With respect to biopsy samples, the number of cases is smaller compared to adult cancers, the biopsies are often small, so samples are limiting and can be gone quickly.
To address this limitation, one of the approaches we’ve been taking is to systematically put samples into mouse models and to comprehensively characterize both the original tumor and the mouse PDX samples via whole genome and whole exome sequencing, paired with RNA-seq, methylation profiling. And then make all of the PDX samples and genomic data freely available.
Demand is clearly there as our Childhood Solid Tumor Network has sent out over 1,300 vials to 194 investigators at 93 institutions in 15 countries. And our PROPEL resource has more than 200 samples of leukemias to share free of charge.
The need for sharing goes beyond samples—its big data, too. We developed the St. Jude Cloud for this purpose. It provides researchers around the world access to the world’s largest public repository of pediatric cancer genomics data.
This also reveals the thirst for data sharing, as since its launch less than a year ago, more than 800 people from over 400 institutions have registered.
They get immediate access to data in the cloud that previously would have taken weeks to download.

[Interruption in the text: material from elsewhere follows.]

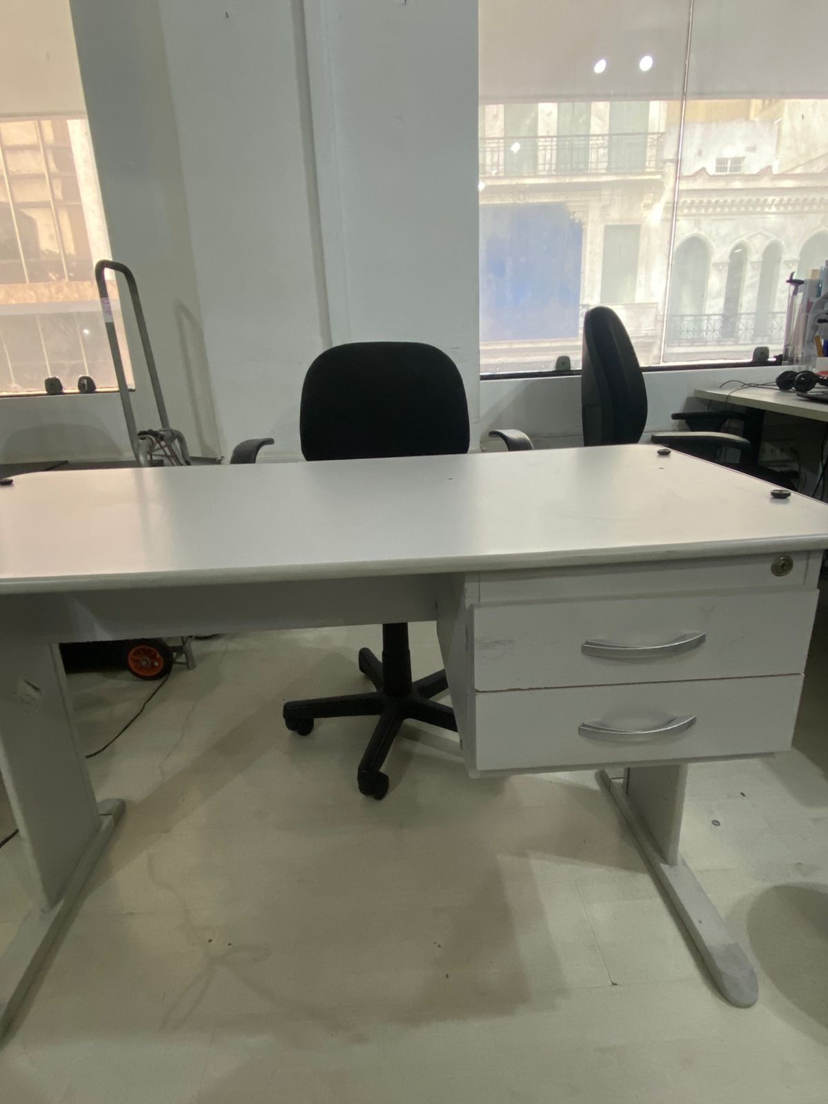 Lote 42 - Mesa com 02 Gavetas + Cadeira com Braços e Rodinhas

How many cases do you have in the cloud thus far?
CR: The St. Jude Cloud already has more than 5,000 whole genome, whole-exome, and 1,200 RNA-seq datasets from more than 5,000 pediatric cancer patients and survivors.
We continue to add more whole genome sequences and expects to make 10,000 of those available at AACR this month.
At ASCO, we’re going to be announcing that comprehensively sequenced and clinically annotated patient-derived data will be made available to others in real time, rather than holding them back for months or years in order to accompany a publication.
Is the St. Jude’s database currently the most well-annotated, well-aggregated and most comprehensive database on childhood cancer?
CR: St. Jude Cloud is the world’s largest repository for pediatric cancer genomics data, including pediatric cancer and cancer survivorship data.
This data includes whole-genome sequencing, not just whole-exome sequencing. With whole-genome, whole-exome and RNA-seq data, we are already making novel discoveries.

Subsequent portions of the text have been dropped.